The Boat Race is a side-by-side rowing competition between the University of Oxford (sometimes referred to as the "Dark Blues") and the University of Cambridge (sometimes referred to as the "Light Blues"). The race was first held in 1829, and since 1845 has taken place on the 4.2 mi Championship Course on the River Thames in southwest London. The rivalry is a major point of honour between the two universities and followed throughout the United Kingdom and worldwide. Oxford went into the race as reigning champions, having won the 1901 race by two-fifths of a length, and led overall with 33 victories to Cambridge's 24 (excluding the "dead heat" of 1877).

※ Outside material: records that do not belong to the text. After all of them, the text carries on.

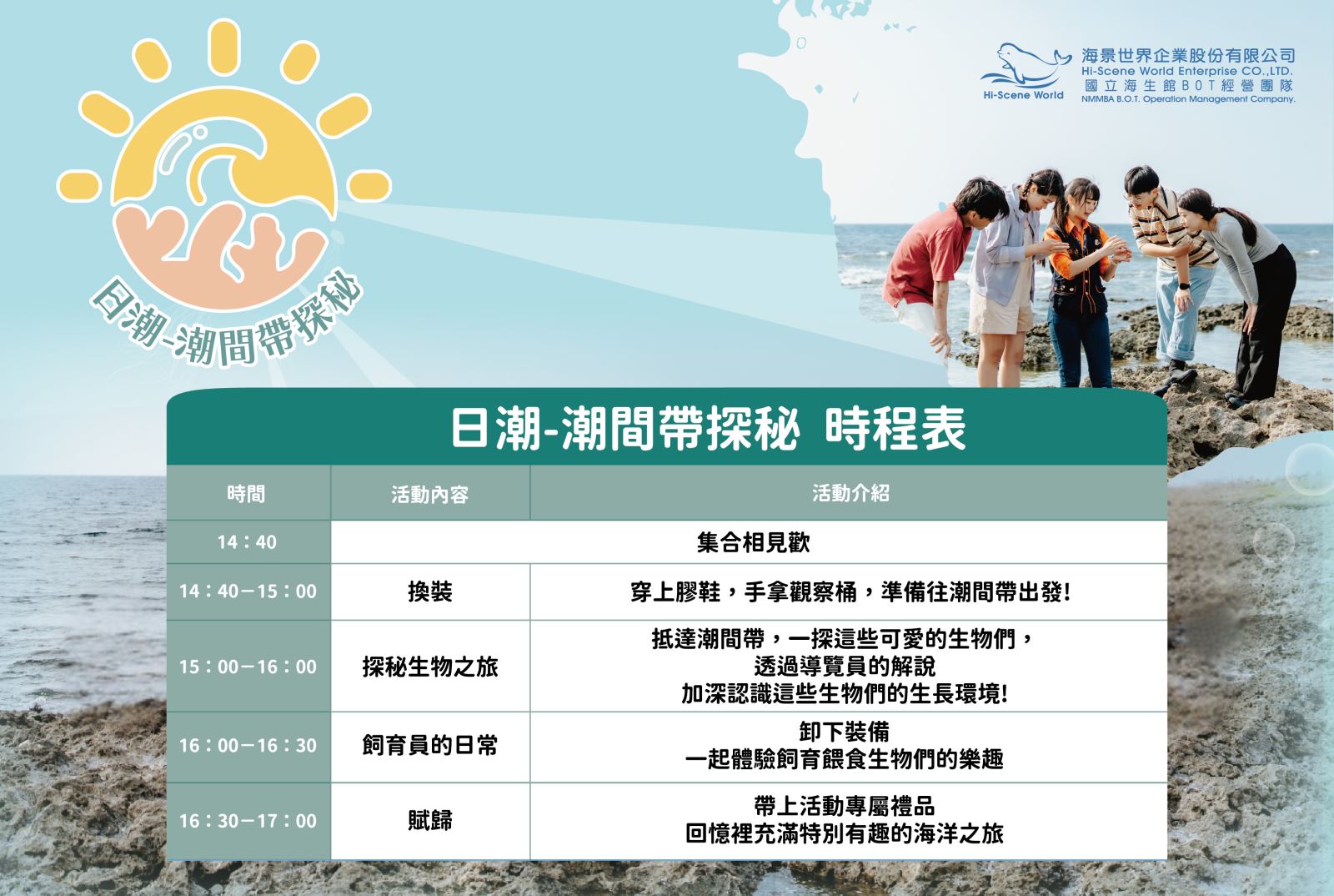 换上迷你背心加入解说行列,海生馆将带领小大人们学习海洋生物知识,元气满满的迷你解说员们大展身手,向亲友分享所学内容,卸下解说员工作任务后,享用海生馆准备的美味菜肴,紧接着前往秘密花园聆听鱼儿们的成长故事,带着更多好奇探索世界,探索夜间的海洋,进入梦乡前,让美丽的鱼群伴你入眠.一日之计在于晨,隔日早上七点,跟随着解说员大哥哥大姐姐们一同唤醒夜宿来宾们,欣赏大洋喂食的鱼儿进食,户外潮间带的真实体验,活动最后的海洋生态课程,带着大小成员更深入了解海洋议题,人小鱼大的迷你解说员下班啰~海生馆给予鼓励、证书、徽章,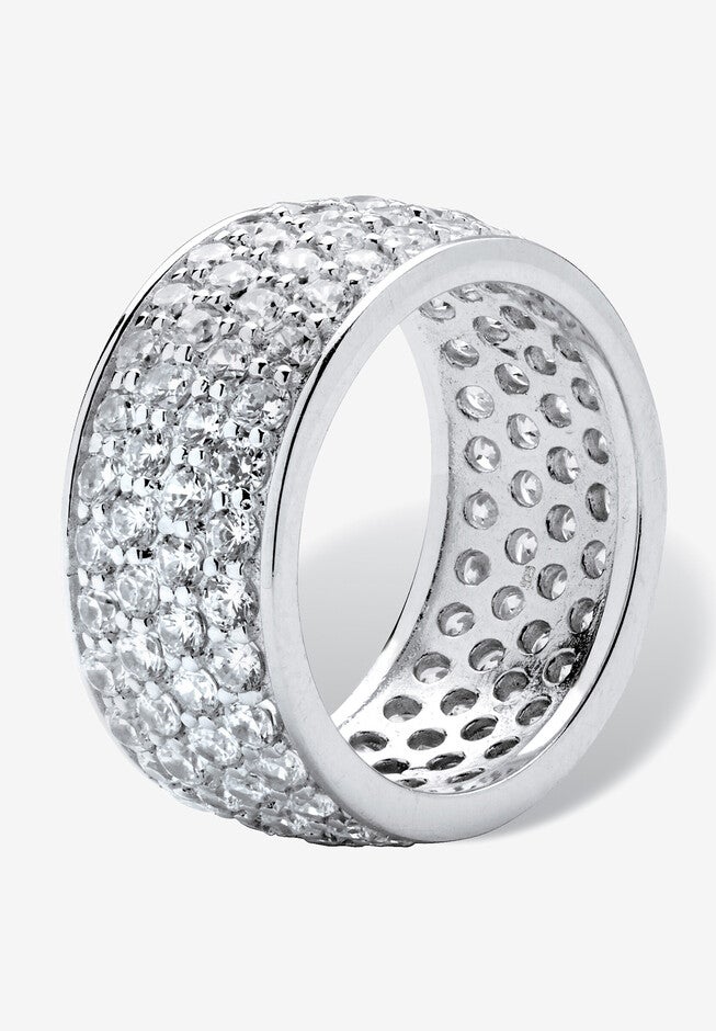 Inspired by coveted designer fantasy rings, this multi-row CZ eternity band is enhanced by round sparkling CZ accents for a knockout display of 3.30 carats T.W. Platinum-plated sterling silver. Sizes 6-10. We recommend that you order one size up for this style.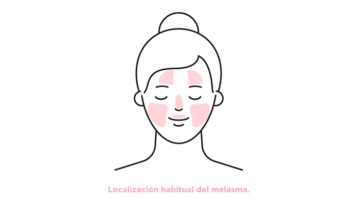 El melasma se muestra en la piel en forma de manchas que aparecen con más frecuencia en el centro del rostro de mujeres en torno a los 30-40 años, en especial en frente, mejillas, zona superior del labio y nariz, y de manera simétrica. Son manchas que suelen oscurecerse en verano y mejorar en invierno, y adoptan distintos tonos de café.
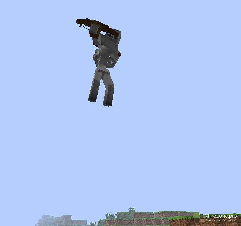 Не зря в руках у этого звенящего костями типа красуется лук. Именно он и пойдёт в дело, когда вы окажитесь на приличном расстоянии от Скелета-Мутанта. Выстрел отнимает большое кол-во жизней, при этом ещё накладывая различные отрицательные эффекты на игрока, такие как: замедление, яд, слабость и т.д. Само собой, даже столь мощному существу придётся потратить некоторое время для того, чтобы натянуть тетиву лука. Пока Скелет-Мутант готовится к выстрелу, у вас есть возможность его предотвратить – кликните ПКМ по скелету, прицел собьется
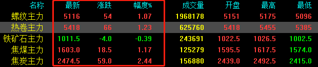 期鋼繼續(xù)收漲,期螺上漲54收報5116,期卷上漲66收報5418,鐵礦石下跌4收報1011.5,焦煤上漲18.5收報1603,焦炭上漲59收報2474.5。
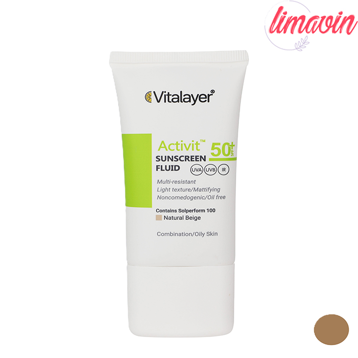 معرفی کرم ضد آفتاب رنگی ویتالیر SPF 50 مدل Activit مناسب پوستهای چرب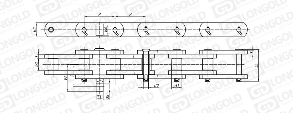 附件可配裝在每一個(gè)鏈節(jié)以上的鏈節(jié)間隔,如每偶數(shù)鏈節(jié)安裝,為了容易進(jìn)行保養(yǎng),安裝在外鏈節(jié)。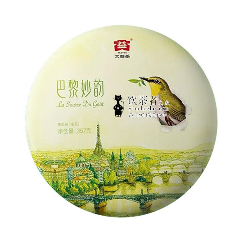 2018年大益 巴黎妙韵 1801批 生茶 357克 饼,精选勐海著名高山茶区云南大叶种毛茶为原料,经入选国家级非物质文化遗产名录的“大益茶制作技艺”精制而成。象征幸福美满的青鸟,携普洱茶叶,化身文化使者,将东方风雅神秘的信息带向全世界。中国寄情于清茶中,见山见水见世界的美学精神,与西方“诗意栖居”的向往一起,传递着人们跨越时间、跨越国界的共同理想。巴黎妙韵,带着大益与法国的百年渊源,在国内正式上市。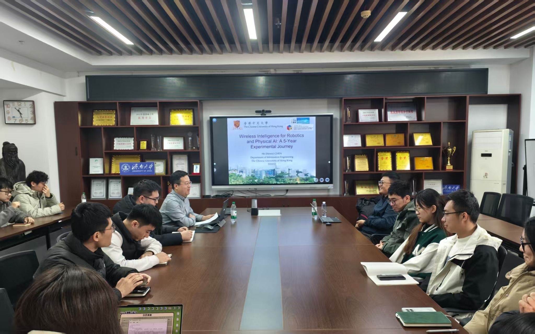 报告会上,陈赫教授分享了团队近五年在无线智能方向的研究历程以及所取得的成果,重点介绍了提升移动机器人无线连接能力、视觉语言模型与机器人的融合,以及在养老护理等民生场景的落地规划。随后,在讨论环节,围绕科学研究、人才培养等问题展开深入交流,陈赫教授针对技术应用场景、大模型落地、具身智能未来研究热点等问题,与参会教师和同学进行了探讨。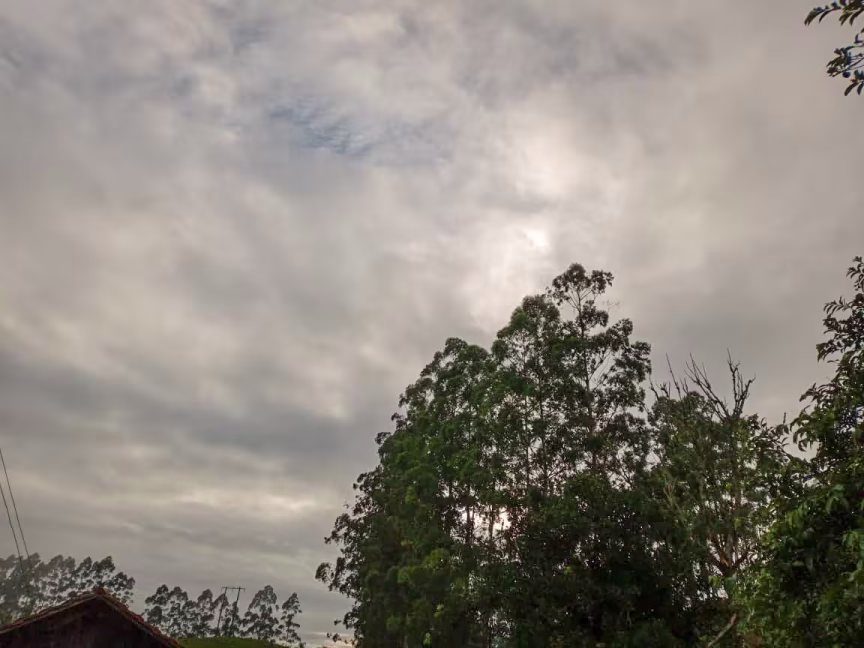 "Isso vem favorecer a presença de muitas nuvens com rápidas aberturas de sol ao longo do dia e condição para chuva ocasional e alguma eventual trovoada. A temperatura máxima oscila entre 28 e 30ºC e o vento sopra fraco de leste/sudeste".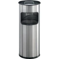 Mit dem Durable Papierkorb EDELSTAHL mit Ascher 17 Liter im tollen Design aus gebürstetem Edelstahl, erhalten Síe einen stilvollen und lebenslang haltbaren Papierkorb mit Ascher für den Innen- und Außenbereich, der auch ideal für gekennzeichnete Raucherzonen und Eingangsbereiche ist.
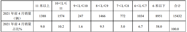 根据终端上牌数据,按长度段划分,2021年前4月江苏区域客车销量结构统计: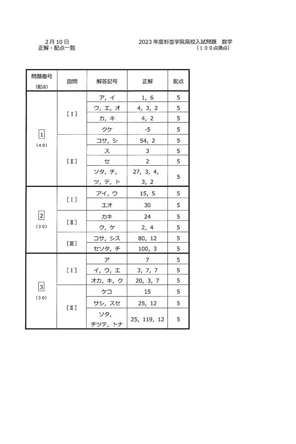 2024年度入試過去問題 (数学 解答)(1ページ目)|杉並学院高等学校の入試過去問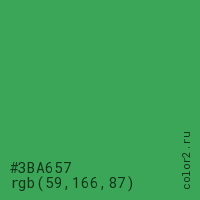 Цвет #3BA657 в цветовой модели RGB обозначается тремя октетами (59, 166, 87) в десятичном формате и #3BA657 в шестнадцатиричном (hex) формате, которые являются интенсивностью красного 59 (hex 3B), интенсивность зелёного 166 (hex A6) и интенсивность синего 87 (hex 57).

Oxford's coaches were G. C. Bourne who had rowed for Oxford in the 1882 and 1883 races, William Fletcher, who rowed for Oxford in the 1890, 1891, 1892 and 1893 races and Harcourt Gilbey Gold (Dark Blue president for the 1900 race and four-time Blue). Cambridge were coached by John Ernest Payne (two-time Blue in 1899 and 1900). The umpire for the race for the thirteenth year in a row was Frank Willan who won the event four consecutive times, rowing for Oxford in the 1866, 1867, 1868 and 1869 races. It was his last time in charge of the race as he would be replaced by Frederick I. Pitman the following year.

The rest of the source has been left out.